Baseball’s
awards link the past season to all the others.
Cy Young, MVP, Rookie of the Year means both an honor and inclusion on a
list for future reference.
Yesterday,
Kris Bryant of the Cubs was named NL Rookie of the Year; he is the sixth Cub so
honored, joining Billy Williams, Ken Hubbs, Jerome Walton, Kerry Wood and
Geovany Soto. One of those six, Williams
made the Hall of Fame, and another, Hubbs, had his life cut short at the age of
22 in a plane crash. Wood was bedeviled
by pitching injuries; Walton was a one-year wonder; and Soto quickly became a
journeyman catcher. So, you never know.
But
in that first year, it just feels right, for player and fan alike. If Bryant hit 26 homers this year, why not
double that next year? Forget Joe Charboneau. Ron Kittle of the White Sox won AL Rookie of
the Year in 1983 after hitting 35 home runs, all of which seemed to go over the
roof at Comiskey Park and driving in 100 runs.
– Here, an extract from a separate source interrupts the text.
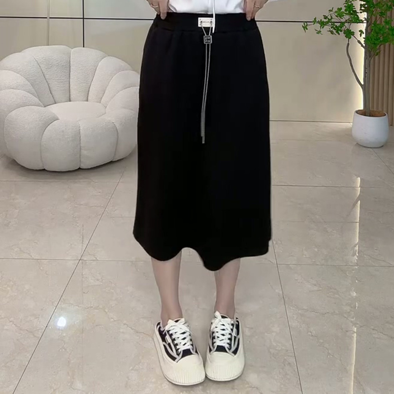 胖妹妹显瘦大码女装贴标半身裙2025秋季爆款系带松紧腰百搭小黑裙

You just knew he would go on hitting and hitting, but he didn’t. Like the Cubs, the White Sox have had six
Rookies of the Year: Kittle; Luis Aparicio; Gary Peters; Tommy Agee; Ozzie
Guillen; and Jose Abreu; one of them, Aparicio, is in the Hall of Fame. This year, Abreu became only the second
player ever to start off his career with back-to-back seasons of 30-plus homers
and 100-plus rbi’s. Maybe that will
transfer into a Hall-of-Fame career. You
never know. Maybe it’s not one but two
out of six Chicago Rookies of the Year who make Cooperstown.
After all, it’s
November, when baseball hopes spring eternal.